Noel Dossou-Yovo (December 25, 1943 – May 5, 2011) was a Beninese academic. The holder of various degrees, he was head of African Studies at the National University of Benin in Cotonou. Dossou-Yovo held the positions of Deputy Director at the Center of African Family Studies in Nairobi from 1983 to 1996. From 1995 to 1996 he was Senior Advisor for African and Social Affairs of the Head of State in his home country. He was also a prolific writer, penning many articles in academic journals and those at conferences in Africa, Asia, Europe, and the United States.
He died on May 5, 2011. He was 67 years old.

== Biography ==
Dossou-Yovo possessed two doctorates in the Humanities, a degree in political science, diplomacy, and development studies. He began teaching at the National University of Benin in Cotonou before 1974, where was head of African Studies. Dossou-Yovo held the positions of Deputy Director at the Center of African Family Studies in Nairobi from 1983 to 1986. In his home country, he was Senior Advisor for African and Social Affairs of the Head of State from 1995 to 1996.

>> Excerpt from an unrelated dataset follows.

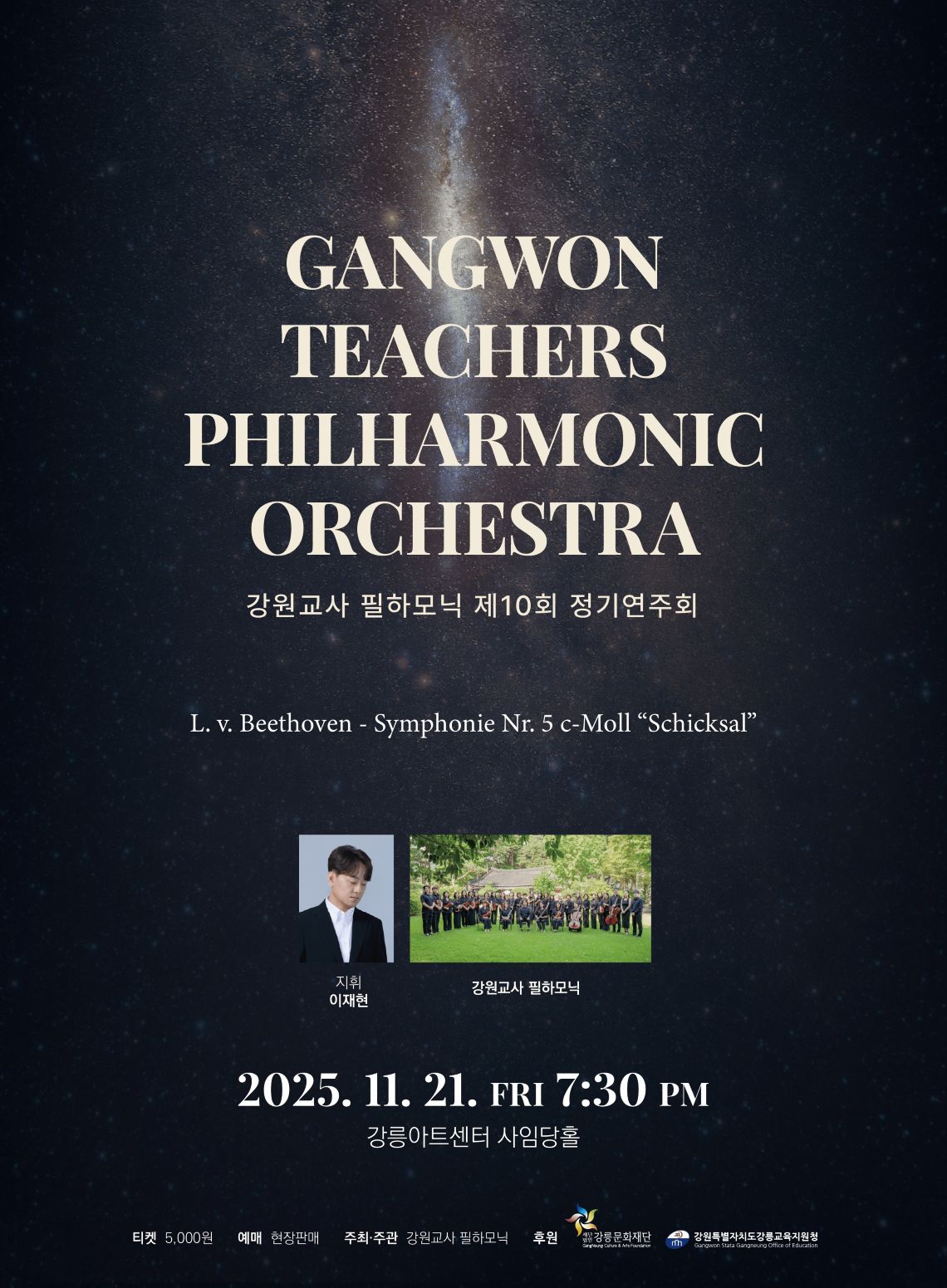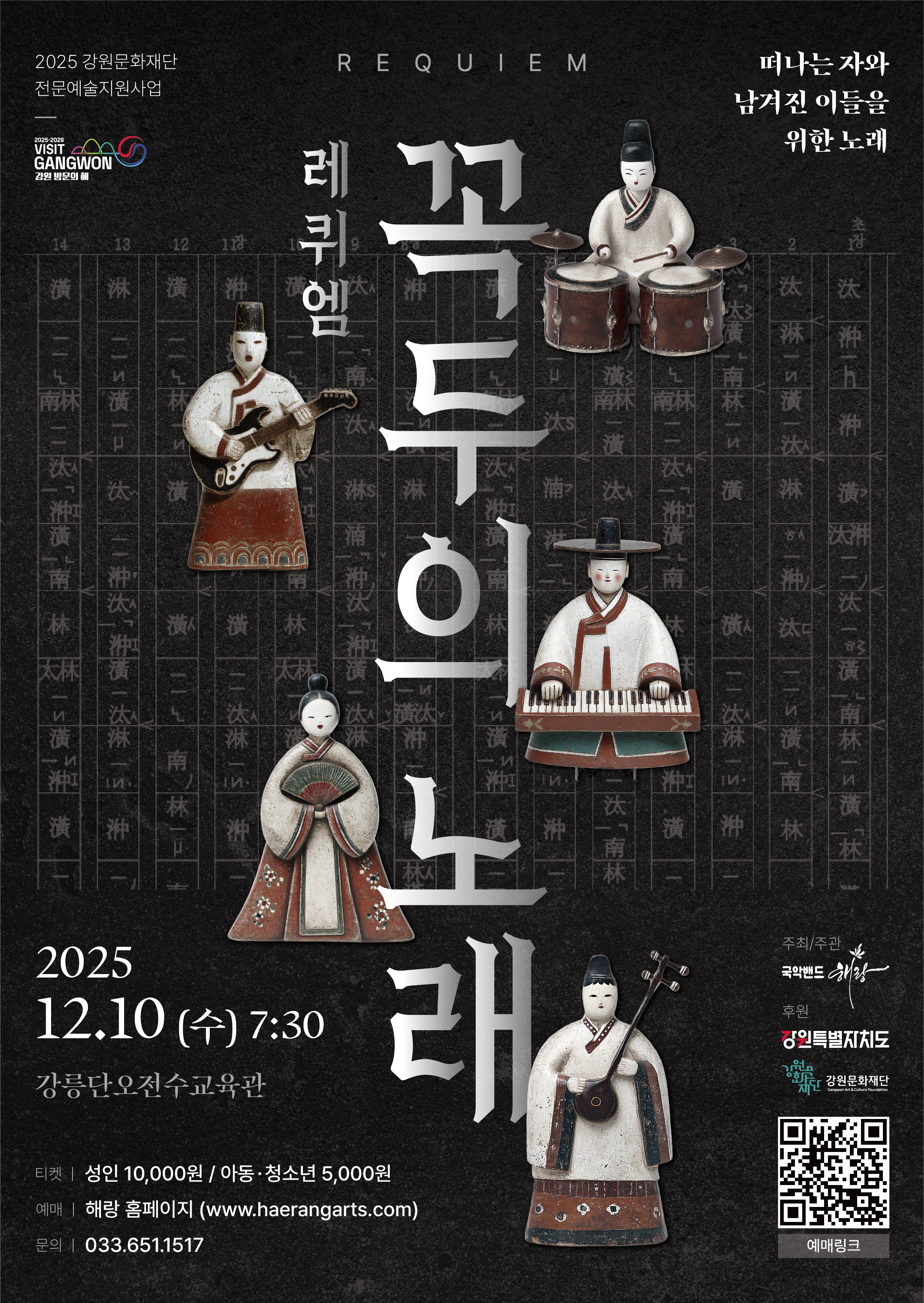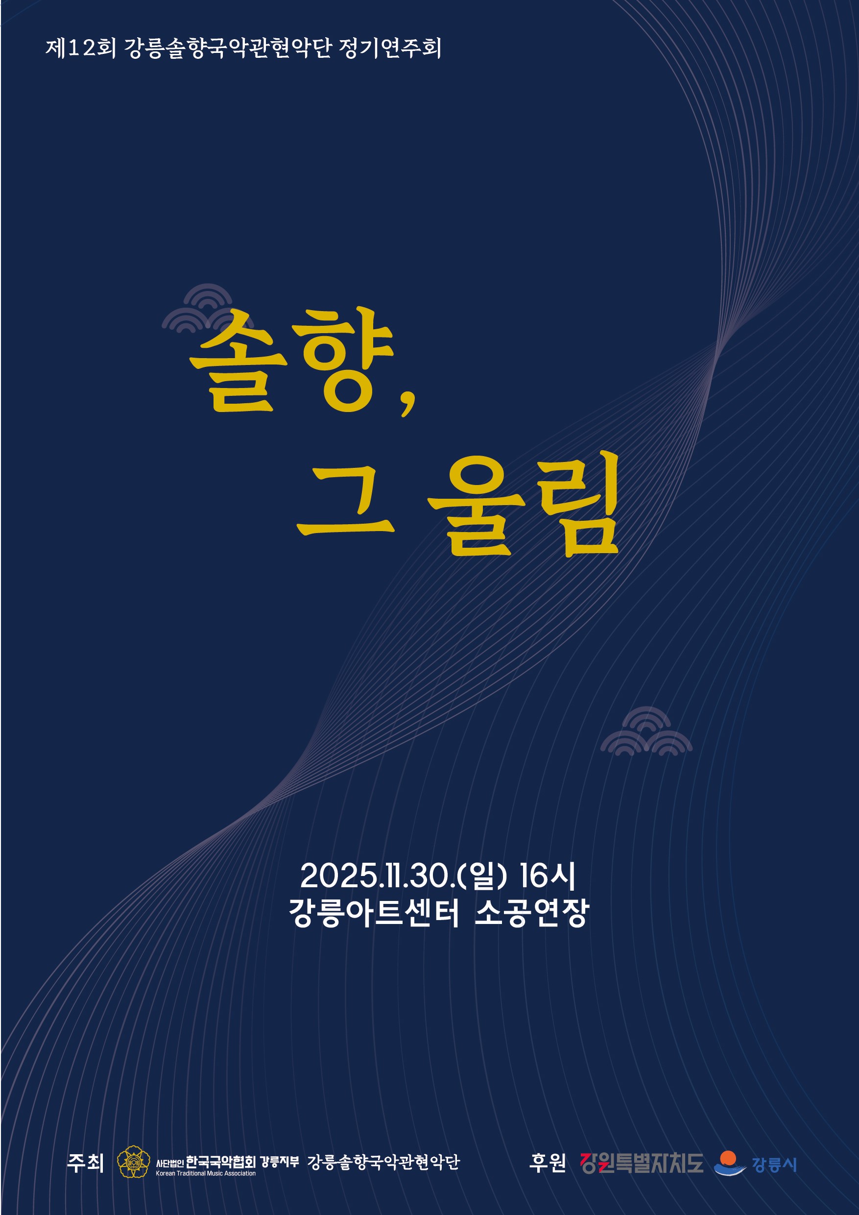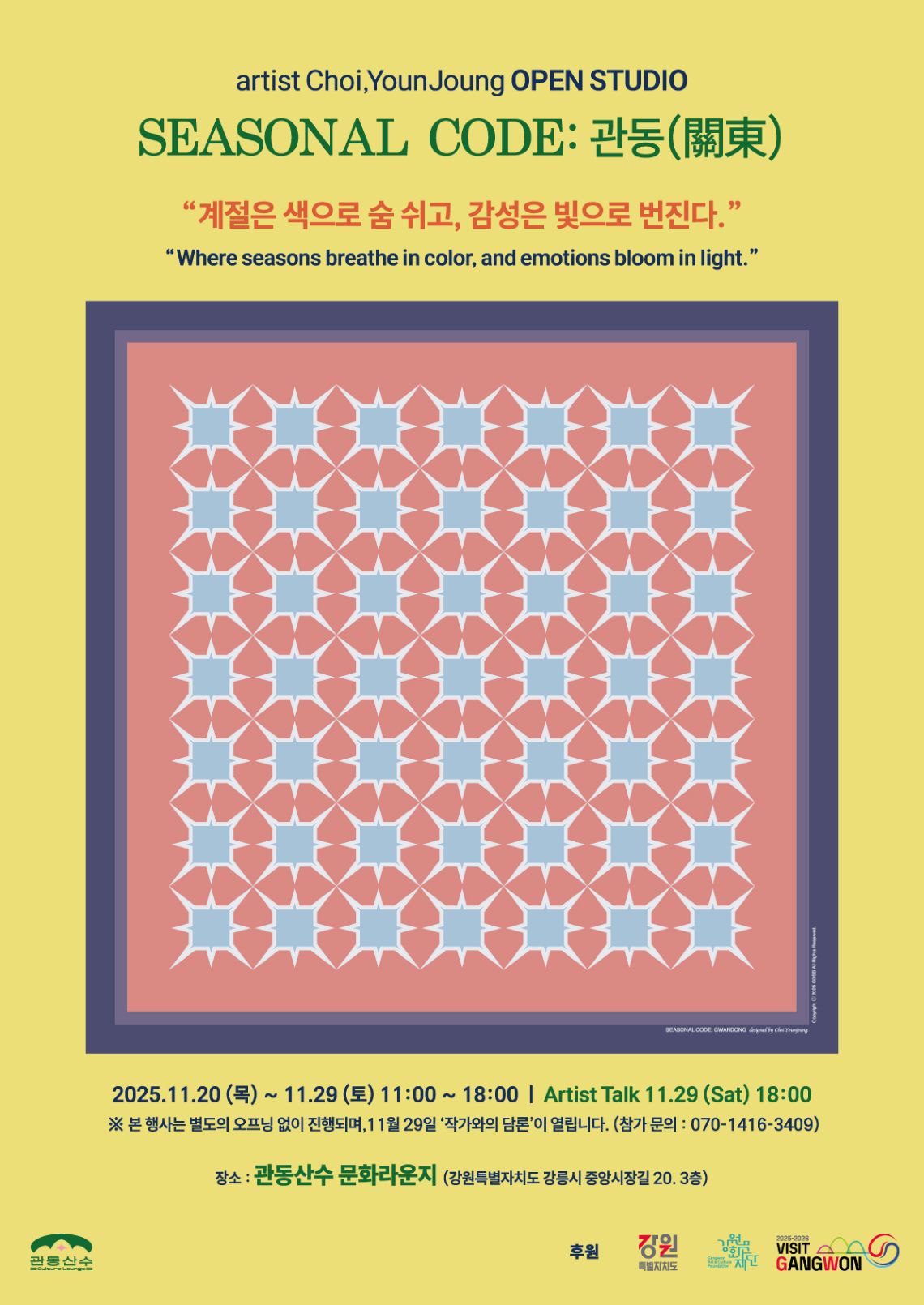 [한국여성수련원] 2026년 (재)한국여성수련원 갤러리 '솔' 전시 지원 공모 2025.11.27 [삼척관광문화재단] 2025 이사부나이트시네마 2025.11.17 [강원문화재단] 2025년 강원예술인 마음치유 심리검사 지원사업 2025.11.14 [원주문화재단] 2025 원주문화재단 기획공연 <무악지우> 2025.11.10 [강릉시] 시 승격 70주년 기념 '강릉시민 대화합 한마당' 2025.10.21

The professor was also a prolific writer. He penned many articles in academic journals and those at conferences in Africa, Asia, Europe, and the United States. He authored a three-volume work on recent African novels written in the English language in 1997. In 2000, Dossou-Yovo's Development Problems in Contemporary Africa appeared on bookshelves across Europe.

== Bibliography ==
- Et Pourquoi l'Afrique refuserait-elle le développement ? L'Harmattan, 2010 (Noel Dossou-Yovo)
- Dossou-Yovo, Noel (1999). "The Experience of Benin"
- Individu et Société dans le roman négro-africain d'expression anglaise de 1939 à 1986 (Tome 1)- L'Harmattan, 1998 (Noel Dossou-Yovo)
- Individu et Société dans le roman négro-africain d'expression anglaise de 1939 à 1986 (Tome 2)- L'Harmattan, 1998 (Noel Dossou-Yovo)
- Individu et Société dans le roman négro-africain d'expression anglaise de 1939 à 1986 (Tome 3)-L'Harmattan, 1998 (Noel Dossou-Yovo)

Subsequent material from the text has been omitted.